_Activity_
Please restate word for word the lines of the entries below from the one with "La Paz street" to the one with "С 18 февраля", inclusive, and leave out every picture.

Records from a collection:
########################################

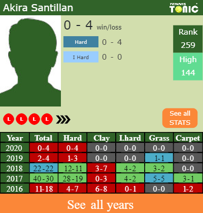 Santillan has a 0-4 win-loss record in 2020, 0-0 on indoor hard courts (See FULL STATS).
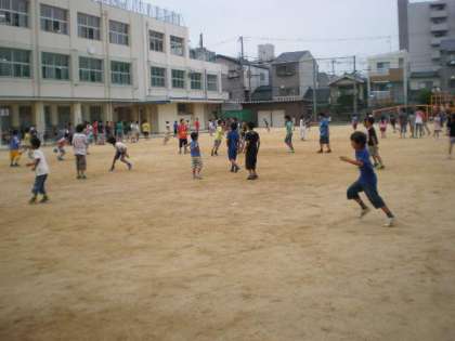 子どもたちは、久しぶりに再会した級友と活動するのが楽しいらしく、この暑い中、休み時間は、運動場は満杯。
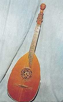 Chitarra-liuto, tedesca, anonima, della prima metà del XX secolo. Questo strumento ha il manico della chitarra e la cassa spiccatamente piriforme come quella del liuto. La tavola è in abete con una filettatura in avorite, la buca presenta un ricco rosone intagliato a forma di tralci e foglie di vite ed il guscio è formato da 11 doghe di acero con vernice chiara. La cassetta delle meccaniche è lunga e stretta e termina con una testa muliebre. La tastiera, in palissandro, presenta 17 tasti metallici.
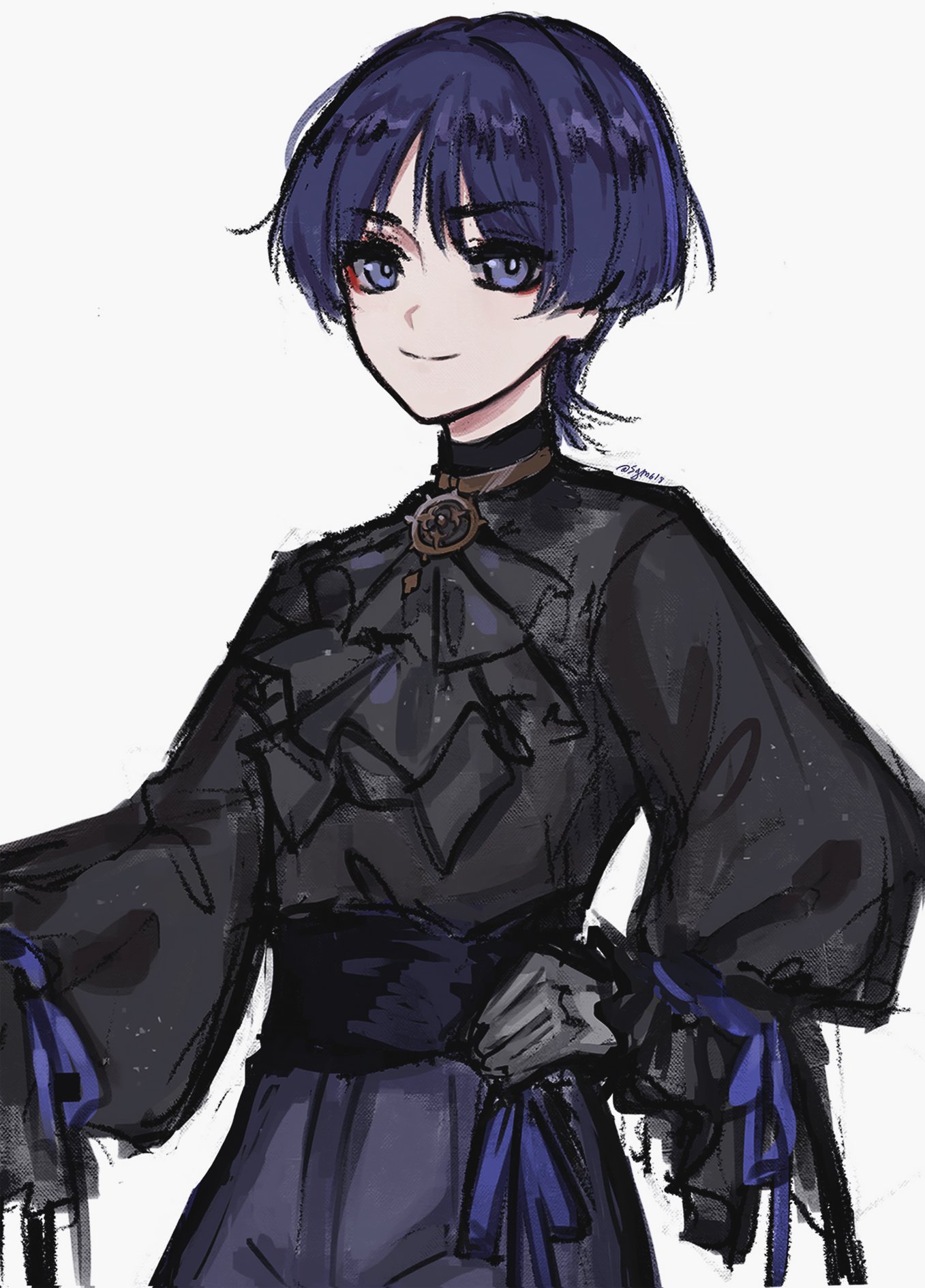 1boy alternate_costume ascot black_ascot black_corset black_shirt black_sleeves blunt_ends choppy_bangs closed_mouth corset eyeliner eyeshadow genshin_impact gold grey_pupils hand_on_own_hip highres jewelry long_sleeves looking_at_viewer makeup male_focus mitsudomoe_(shape) multicolored_hair neck_ring pants puffy_sleeves purple_eyes purple_hair purple_pants purple_ribbon red_eyeliner red_eyeshadow ribbon scaramouche_(genshin_impact) sgm618 shirt sketch sleeve_ribbon smile solo streaked_hair tomoe_(symbol) upper_body white_background
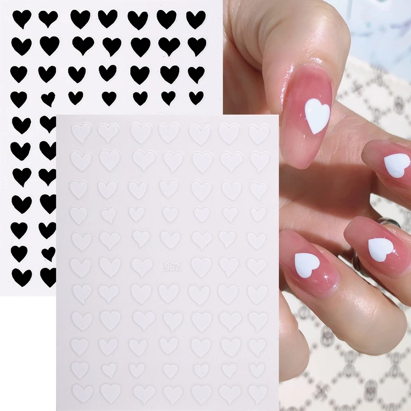 3D наклейки для ногтей, 1 лист, черное сердце, любовь, самоклеющиес...
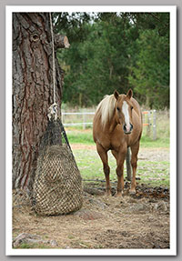 Horses who are out at pasture 24/7 or otherwise housed with ad lib access to hay, are very unlikely to develop stomach ulcers. In fact the ‘cure’ for horses who have developed ulcers apart from a course of medication is 24/7 pasture turn-out or ad lib access to hay.
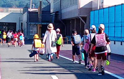 今朝は集団登校訓練を行いました。地区ごとの集合場所から、
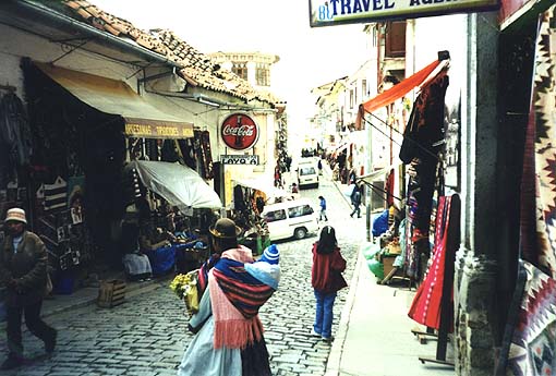 La Paz street scene. Artisan street where sweaters etc. are sold to tourists.....like me
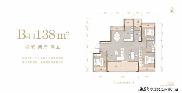 建面约138㎡风韵洋房, 四开间朝南,横向约14米采光面,超大落地窗 ,迎阳光入室,户内4个可利用采光飘窗,阳光与空间皆免费;可扩展阳光厨房,实现餐厨互动,与家人一起享受美好的烹饪时光。
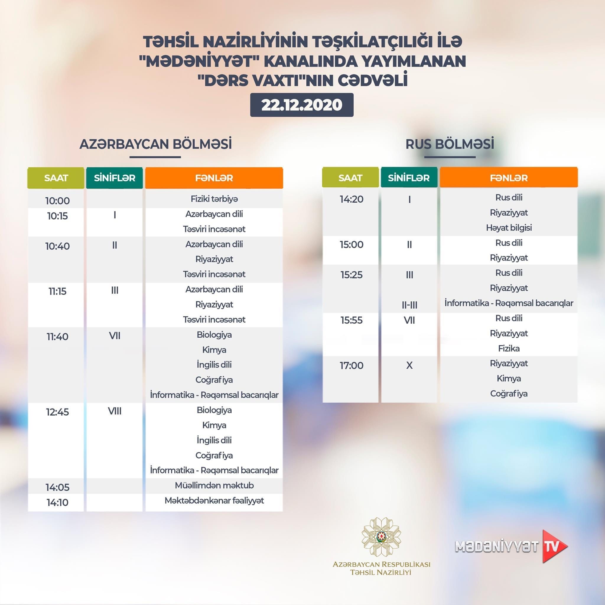 Təhsil Nazirliyi dərs cədvəlinə diqqət etməyi, dərsi “Dərs vaxtı”nda öyrənməyi tövsiyə edir.
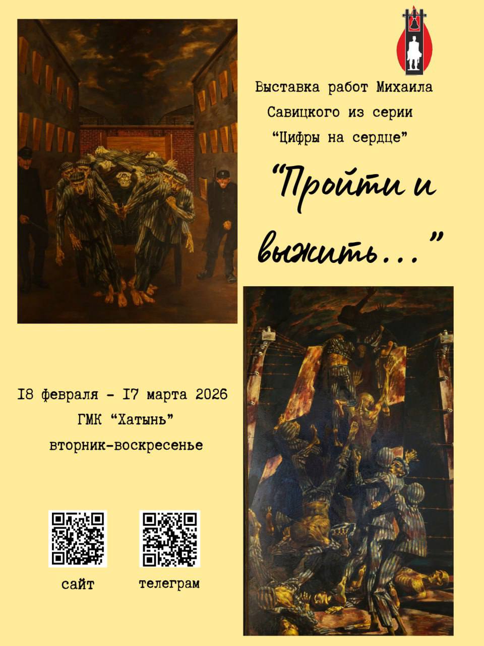 С 18 февраля по 17 марта 2026 года в мемориальном комплексе Хатынь будет работать выставка «Пройти и выжить…», приуроченная ко дню рождения выдающегося белорусского художника Михаила Савицкого. В холле музея будут представлены репродукции работ мастера из знаменитой серии «Цифры на сердце».
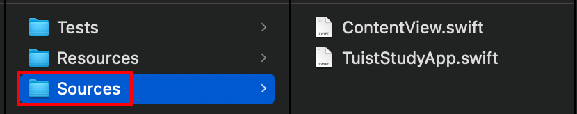 sources: ["TuistStudy/Source/**"], // source 디렉터리에 있는 모든 source 파일을 지정 (** = 와일드 카드 패턴 → 하위 모든 경로의 파일들 포함)
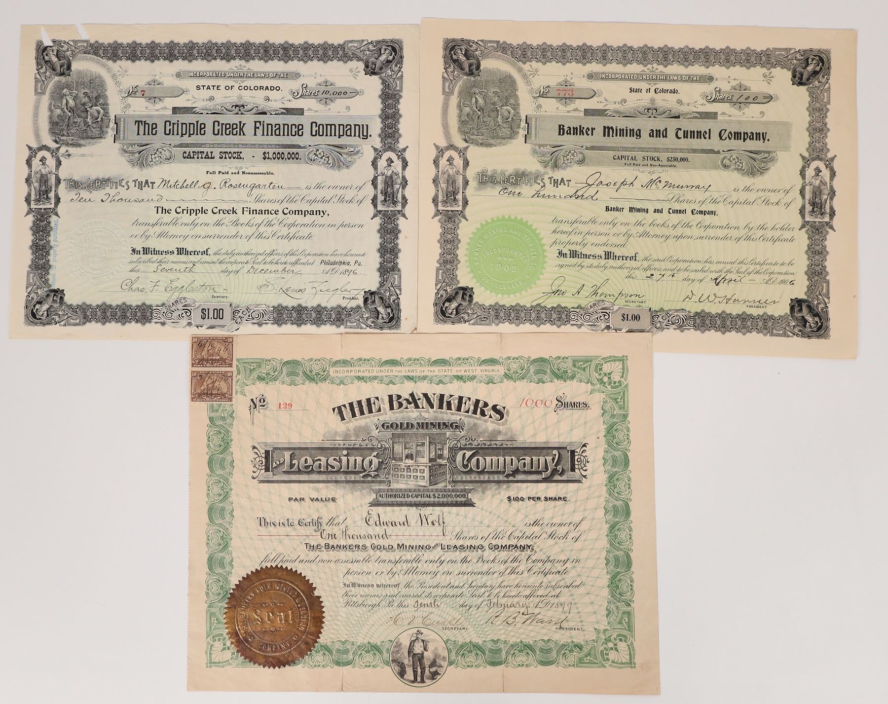 3 issued Colorado mining stocks with bank and finance themed names. 1906 Banker Mining and Tunnel. 1899 Bankers Gold Mining and Leasing Co. with great bank teller and cage vignette-4x .5" seam tears. 1896 Cripple Creek Finance Co., probably based in Philadelphia and investing in Cripple Creek mines-2 corner chips, lower right dog ear and stain. Please inspect. Colorado Herzog Collection
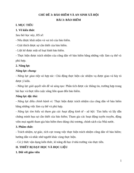 CHỦ ĐỀ 3: BẢO HIỂM VÀ AN SINH XÃ HỘI BÀI 3: BẢO HIỂM I. MỤC TIÊU 1. Về kiến thức
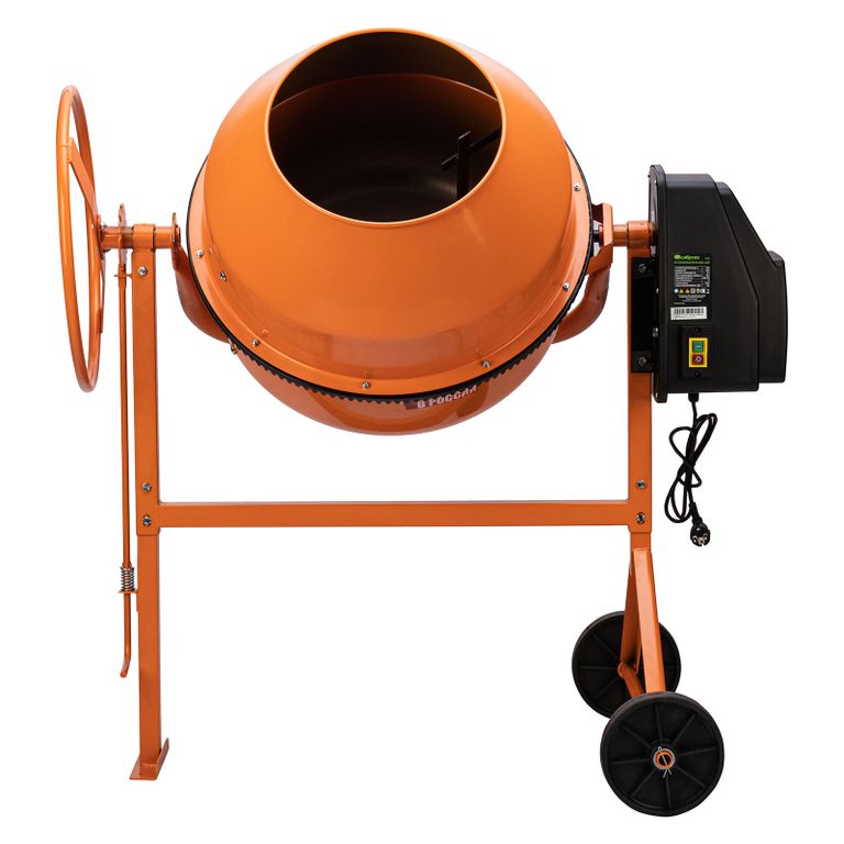 Бетономешалка строительная СИБРТЕХ БСЕ-160П, 160 л, 700 Вт, полиамидный венец из 5 частей и термозащита, фиксация угла наклона барабана, бетоносмеситель строительный
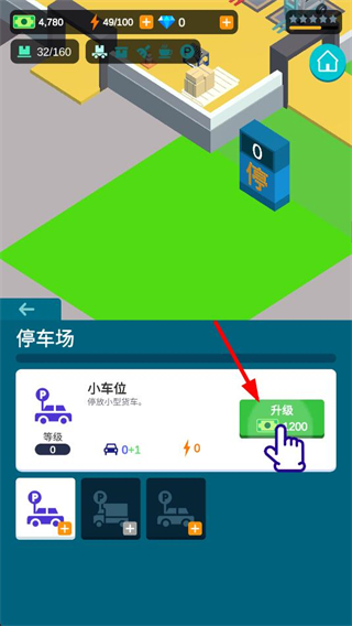 1、在停車場界面找到小車位,消耗200貨幣點擊升級按鈕,提升車位等級,解鎖更多小型貨車的停放權限。
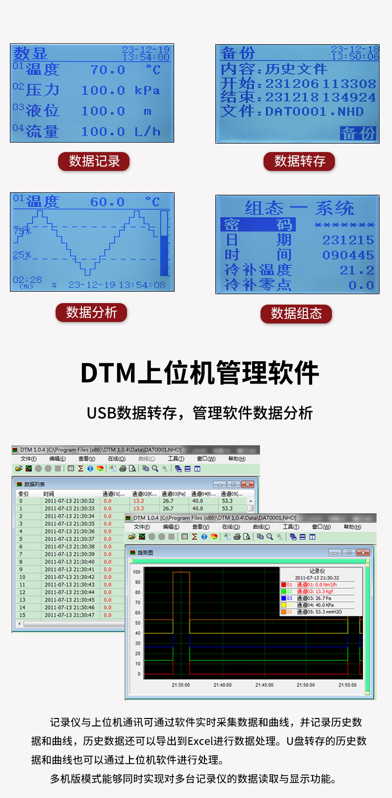 NHR-PR30系列數(shù)據(jù)采集器采用高速、高性能32位ARM微處理器,多重保護(hù)和隔離設(shè)計(jì),抗干擾能力強(qiáng), 可靠性高。顯示功能強(qiáng)大,具有實(shí)時曲線畫面、數(shù)顯畫面。儀表采用主副機(jī)結(jié)構(gòu)設(shè)計(jì),主機(jī)可提供4路萬能信號輸入,通道間相互隔離,RS485 通訊、以太網(wǎng)通訊等功能,連接副機(jī)可將I/O容量擴(kuò)展至8路輸入。
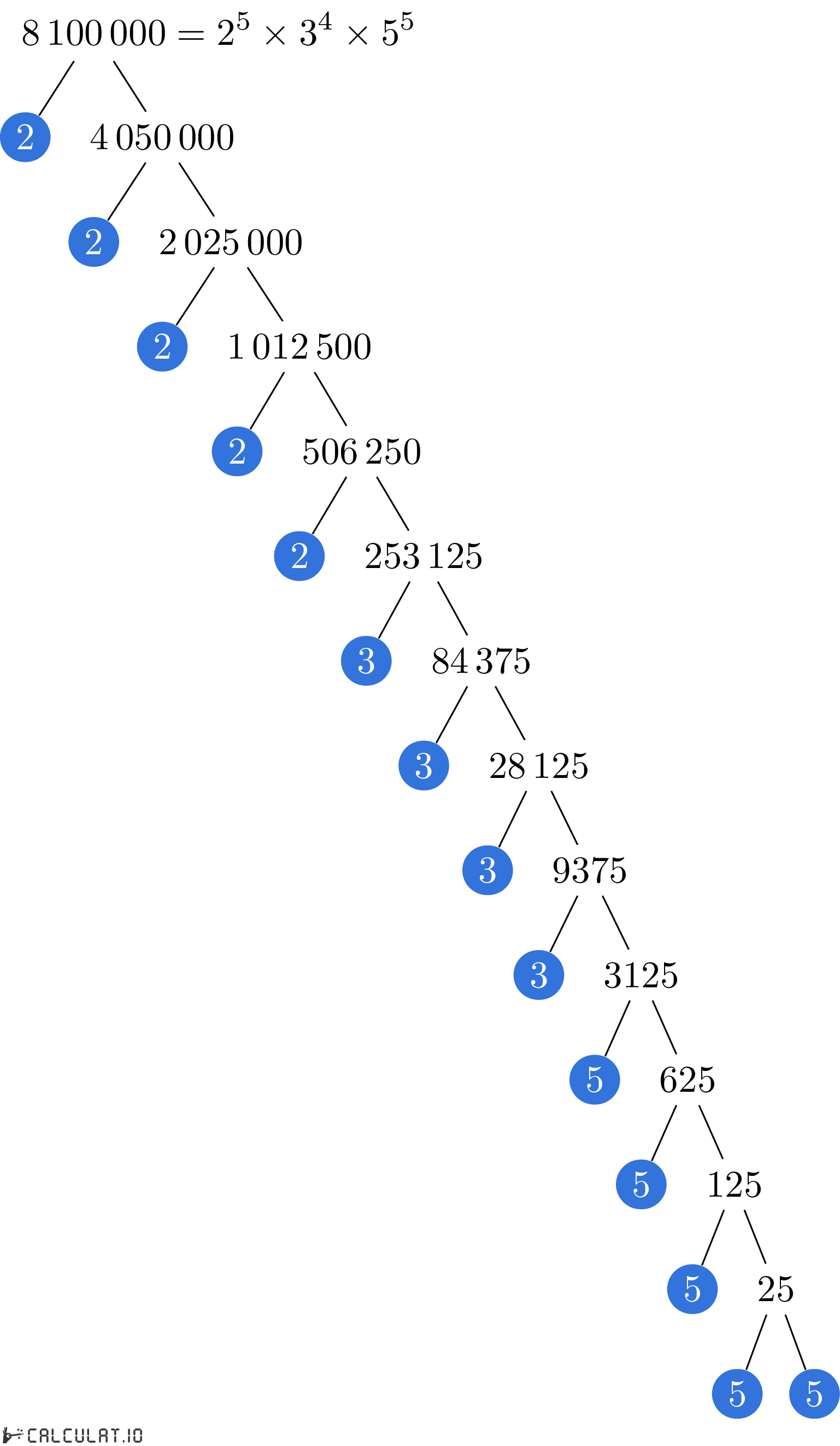 Fatores Primários de 8100000: 2, 2, 2, 2, 2, 3, 3, 3, 3, 5, 5, 5, 5, 5

########################################

_Exercise result_
 La Paz street scene. Artisan street where sweaters etc. are sold to tourists.....like me
 建面约138㎡风韵洋房, 四开间朝南,横向约14米采光面,超大落地窗 ,迎阳光入室,户内4个可利用采光飘窗,阳光与空间皆免费;可扩展阳光厨房,实现餐厨互动,与家人一起享受美好的烹饪时光。
 Təhsil Nazirliyi dərs cədvəlinə diqqət etməyi, dərsi “Dərs vaxtı”nda öyrənməyi tövsiyə edir.
 С 18 февраля по 17 марта 2026 года в мемориальном комплексе Хатынь будет работать выставка «Пройти и выжить…», приуроченная ко дню рождения выдающегося белорусского художника Михаила Савицкого. В холле музея будут представлены репродукции работ мастера из знаменитой серии «Цифры на сердце».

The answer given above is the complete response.